# flat rock rocking...



## bigbite (Mar 16, 2004)

I was down at flat rock last night and boy was the fishing biting. Black flies... lost all of mines. Fish keeps breaking my lines.. Manage to reel in a nice flathead catfish, about 10#. Heading back out there Saturday.


----------



## YPSIFLY (Feb 13, 2001)

Kinda slow this afternoon.

I did however, come close to getting my first fly rod muskie. The fish rolled up on my line and was able to break me off above the 30# leader. 

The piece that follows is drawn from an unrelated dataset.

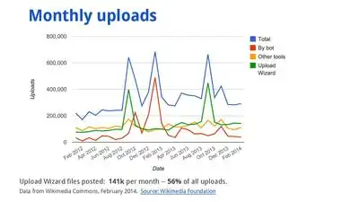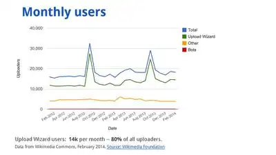 Here are upload metrics for Upload Wizard from February 2014: (1)

Later on I managed a few whites on a small, white spinner and saw a nice smallie taken on a chartreuse grub.


----------



## mojo (Jul 23, 2003)

when you guys post about flat rock are you specifically talking about the park at the dam or the area in general. i went up there last summer and looked around but didn't see a whole lot of good water or access other than the little park there, and that seemed so small and shallow (the creek leading to it at least) to hold a lot of fish, or let fish in unless it was high water. i don't expect holes or anything but i think i am missing something here.


----------



## wickedcarpenter (May 1, 2003)

right in the park.
i fished the park today with no luck at all throwing flys.
We tryed Haggerty Rd(Belleville Dam) with no luck also using cranks and flys.
Should have taken the boat out and did alot less walking than we did today.i'm WORE out.
We did see tons of Carp in the river.


----------



## bobcolenso (Sep 11, 2003)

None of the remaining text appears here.